Snapchatting Teen Causes Major Brain Injuries – and Now the Police Want to Use a Textalyzer on You

It wasn’t that long ago that to make a call in your car, you had to have a big boxy Bimmer or Benz with a built-in handset phone.

Car phones – what a boss throwback. I would rock one of these in my car now if I could.

Of course, now that everyone has a cellphone, the potential for mayhem and distracted driving has gone through the roof.

Enter a candidate for the Darwin award ­­– teenager Christal McGee. Christal discovered a Snapchat feature called a filter that overlays an MPH reading on your selfie.

160 MPH while using Snapchat. Not recommended!

She then decided to push the limits of sanity and safe driving in her Mercedes Benz, activating the filter and driving as fast as she could to show off to her social media followers.

You can see where this is going.
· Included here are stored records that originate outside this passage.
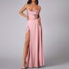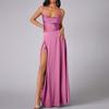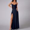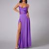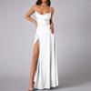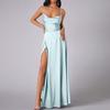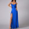 Damen Sommer Rückenfreies Langes Satin Kleid Wasserfallausschnitt Überkreuzte Spaghettiträger Party Langes Kleid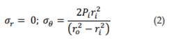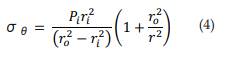 Donde σr: esfuerzo radial; y σθ: esfuerzo tangencial. Al realizar procesos matemáticos se pueden obtener las ecuaciones que describen el comportamiento de los esfuerzos radiales y tangenciales a lo largo del espesor del cilindro (ecuaciones 3 y 4).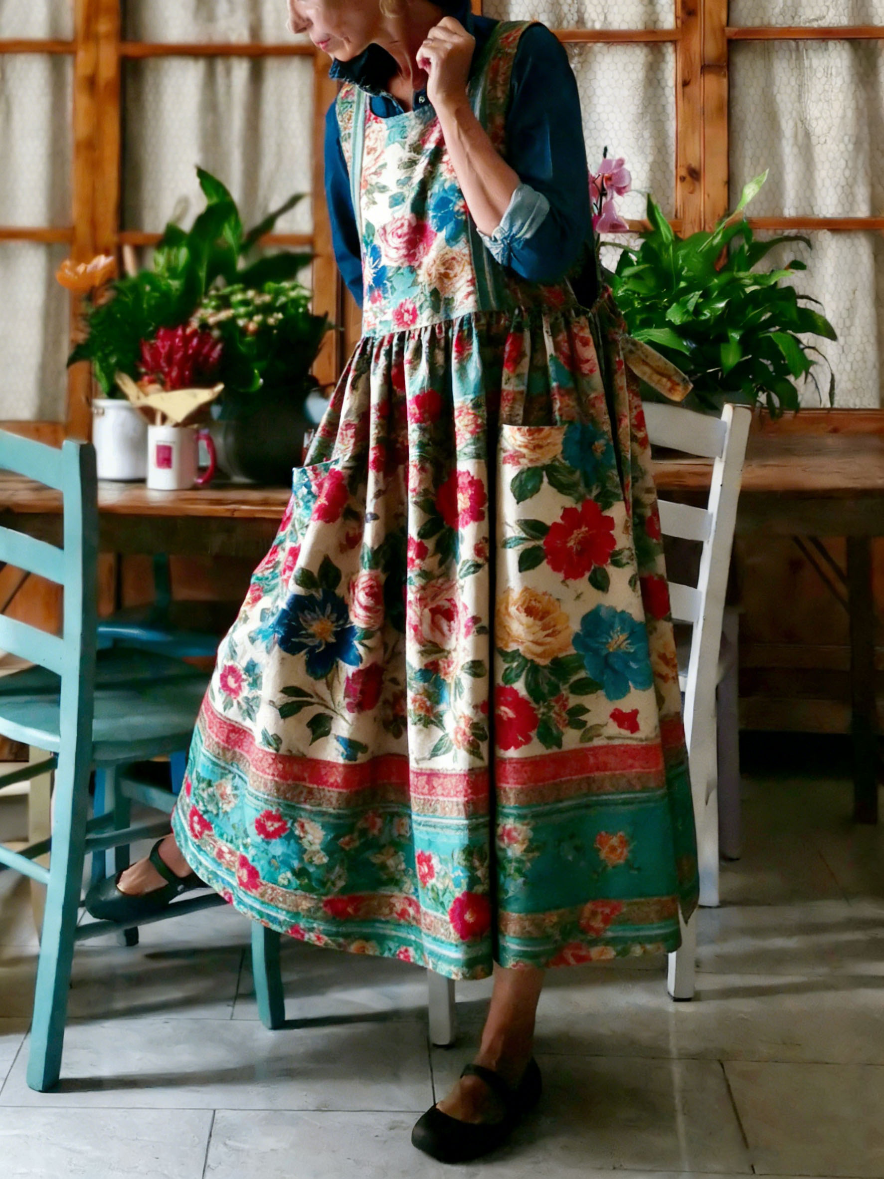 Floral Print Apron-0107

McGee promptly lost control of her car and smashed into a Mitsubishi Outlander, whose driver sustained permanent and severe brain injuries. A later accident reconstruction indicated that she was driving at 107 MPH at the time of the crash. She even posted a Snapchat selfie right after the incident.

The injured driver’s lawyers are now suing Snapchat and McGee for negligence. Snapchat is named because the attorneys will argue that including the speed filter in their app encourages reckless stunts like this one. Of course, Snapchat is also an attractive “deep pocket” from a legal strategy standpoint. In the end, all civil cases are about money, and this one is no different.

As society confronts more instances like this one, the authorities are adapting. That brings us to the Textalyzer. Similar to the way that the police test for DUI with a breathalyzer, New York legislators have proposed a device that would tap into the phones of drivers involved in a car accident and check for recent activity. Much like a breath test during a DUI stop, refusing to produce your cellphone could lead to a license suspension.

Given that even heavy hitters like the FBI have trouble breaking the encryption of modern phones, and given the fact that such a test might not even be accurate, it remains to be seen whether this idea will gain traction. For now, the safest bet is to remember that you are probably too old for Snapchat (I am 30 and I’m embarrassed at how hard it is to figure it out!) just set your phone aside and enjoy the road the old fashioned way, with some nice music on the good old FM radio.